Richard Thompson on the flowering of Fairport Convention

Richard Thompson book

“There was a musical explosion – you could play almost anything and be accepted”

The current issue of Uncut – in shops now or available to buy online by clicking here, with free P&P for the UK – features an exclusive extract from Richard Thompson’s forthcoming memoir Beeswing in which he recalls how, in 1967, the newly formed Fairport Convention took their first tentative steps into London’s burgeoning underground scene. In addition, Thompson talks candidly to Uncut about the process of writing the book and how he feels now looking back at those naive and exciting early days…

RICHARD THOMPSON: “The ’60 and ’70s continue to be musically of great interest to people. Although we thought it was very ordinary at the time, it does turn out to have been an exceptional period – a great musical crossroads. I thought I’d just chuck down some reminiscences before I popped my clogs, as they say. Not that I intend to any time soon!

“You think that you remember everything, but when you actually sit down and start to write, stuff comes out that you’d forgotten. I think it helped me, actually. There was a kind of catharsis in writing about that time, which was part joyous – as it is when you’re a teenager – and part painful.
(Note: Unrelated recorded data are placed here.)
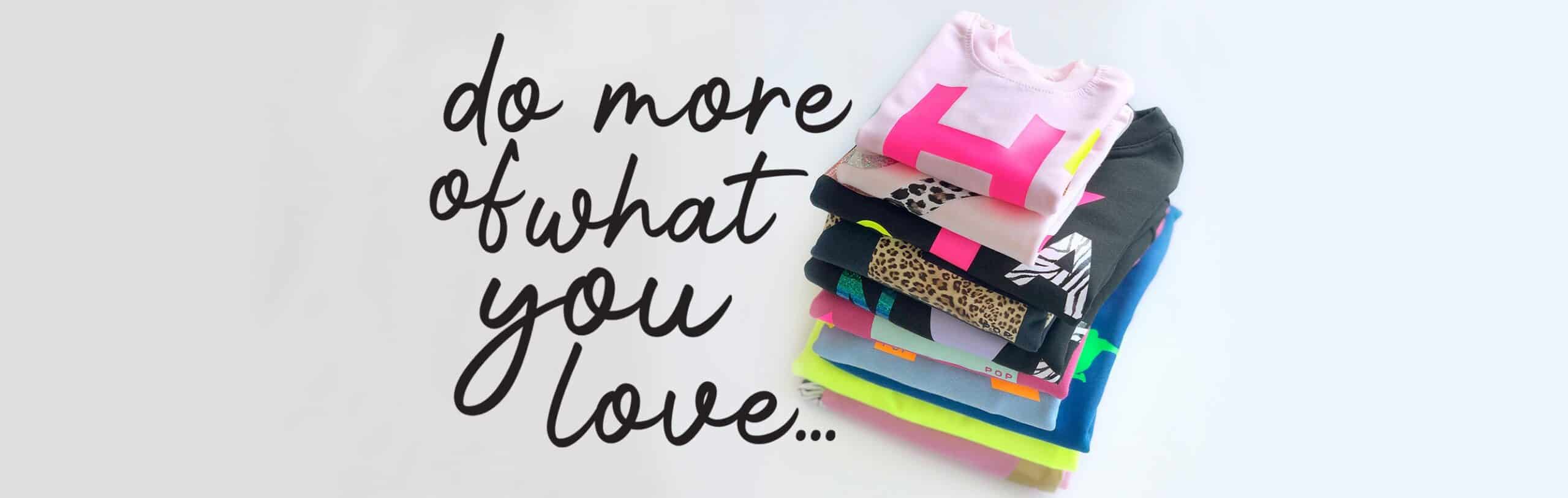 Al snel volgden er ook sweaters en t-shirts. En niet veel later puilde hun garderobe, maar ook die van man en kids, uit van de uitbundige collectie handbedrukte items in alle kleuren van de regenboog. Dit begon ook anderen op te vallen (hoe kan het ook anders met al die popping kleuren) en de aanvragen voor gepersonaliseerde items begonnen binnen te stromen.
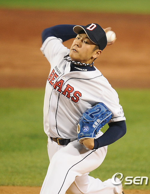 지난 11일 삼성과의 플레이오프 4차전서 1⅔이닝 동안 피안타 없이 무실점 호투를 펼치며 가능성을 높였던 2년차 우완 성영훈(20. 두산 베어스)이 팔꿈치 미세 통증으로 인해 대구에서 열리는 5차전 원정길에 오르지 못했다.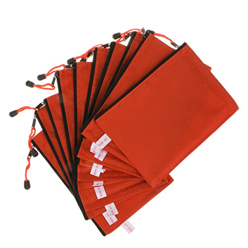 10Pcs A4 Size Plastic Zippered Document Folder File Bags Office Supplies - Orange, 34*24cm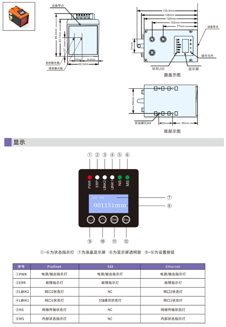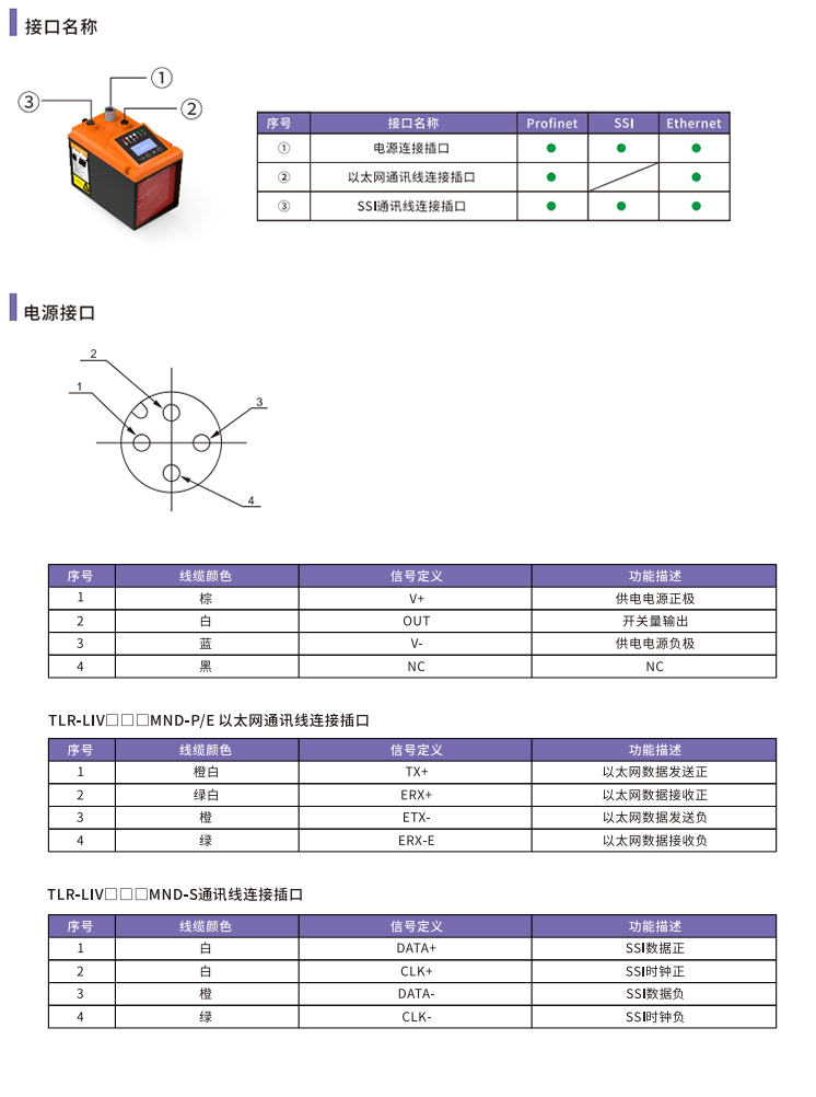 | 0.3~60m | TOF | 红色激光 | ±3mm | ±1mm | Profinet(2路) | TLR-LIV60MND-P |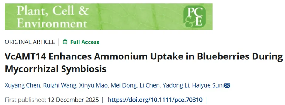 近日,吉林农业大学园艺学院李亚东教授团队孙海悦教授组在Plant, Cell & Environment在线发表题为“VcAMT14 enhances ammonium uptake in blueberries during mycorrhizal symbiosis”的研究论文。本研究发现VcAMT14基因在蓝莓ERMF共生体的氮响应调控中起着关键作用,为菌根介导的氮吸收机制提供了重要见解。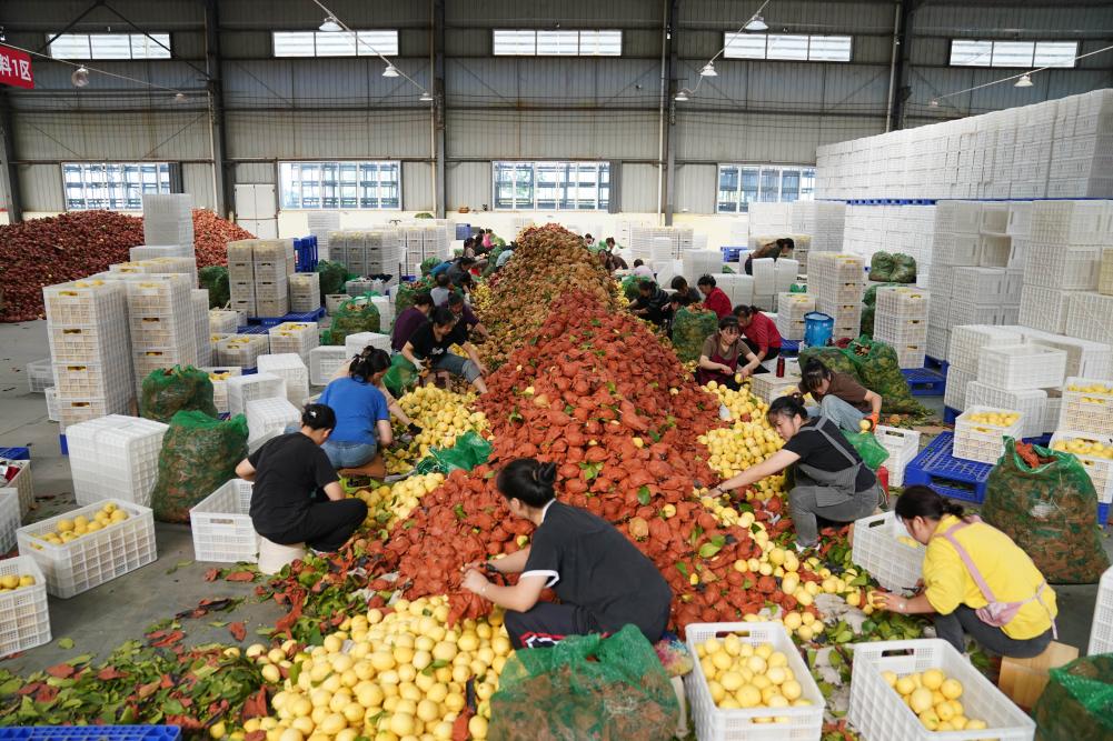 安岳县一企业车间内等待被分拣的柠檬。新华社记者 胥冰洁 摄

You forget about the painful stuff, but that mix is in there, and it was quite extraordinary to go back and really think about it.

“I suppose I was fortunate in the people I gravitated towards. Meeting Simon [Nicol] and Ashley [Hutchings], who became the core of Fairport, was a wonderful thing, and a crucial thing. Very early on, about 1967, I could tell we had some kind of musical future, even if it only lasted a year. That was good enough for me, and I could put off thinking about getting a real job until I was at least 22. Then when Sandy [Denny] joined, that made us a really good band – we felt this was actually something quite transcendental. All we wanted to do was play music to an audience, and it just happened to be that time when the floodgates were opened and so many bands could pass through. We felt that circumstances dragged us along. There was a musical explosion in London – so many different styles were emerging that you could play almost anything and be accepted. You could play folk-rock and be accepted by an audience that also listened to The Crazy World Of Arthur Brown and Pink Floyd. It was all just part of the hippie culture, this underground musical revolution.

“The scene was a real community – people would help each other out, lend each other gear, tow each other back down the M1. Now people say, ‘My God, you played with Hendrix?’ But at the time it didn’t seem that exceptional because he would jam with a lot of people. Musicians weren’t really celebrities back in those days; that came later.

“I had to be cajoled into starting the book, but once I started I really enjoyed the writing process. You can write a song in 10 minutes – I’m not saying it’s always that quick, but it’s a much swifter and less detailed process. You can be a lot more abstract and poetic in songwriting, you don’t have to fill in the gaps. Writing prose, you have to be more linear. It takes structure, more discipline. I tried to write for at least a few hours a day. And as much as I enjoyed the writing process, I hated the editorial process – handing it over to other people. Having not been edited ever as a songwriter, that came as a bit of a shock. Suddenly you have to justify yourself to other people!

“There are a couple of songs I’ve written since finishing the book that seem to be reflective of that time period. I often refer back to earlier times because songwriting is almost a decoding of your own life. So I’ve done a couple of things that have been, I suppose, brought up by the process. I don’t know about laid to rest, that sounds a bit too final – or pretentious! But it’s helped me to put some events from the ’60s and ’70s into perspective.”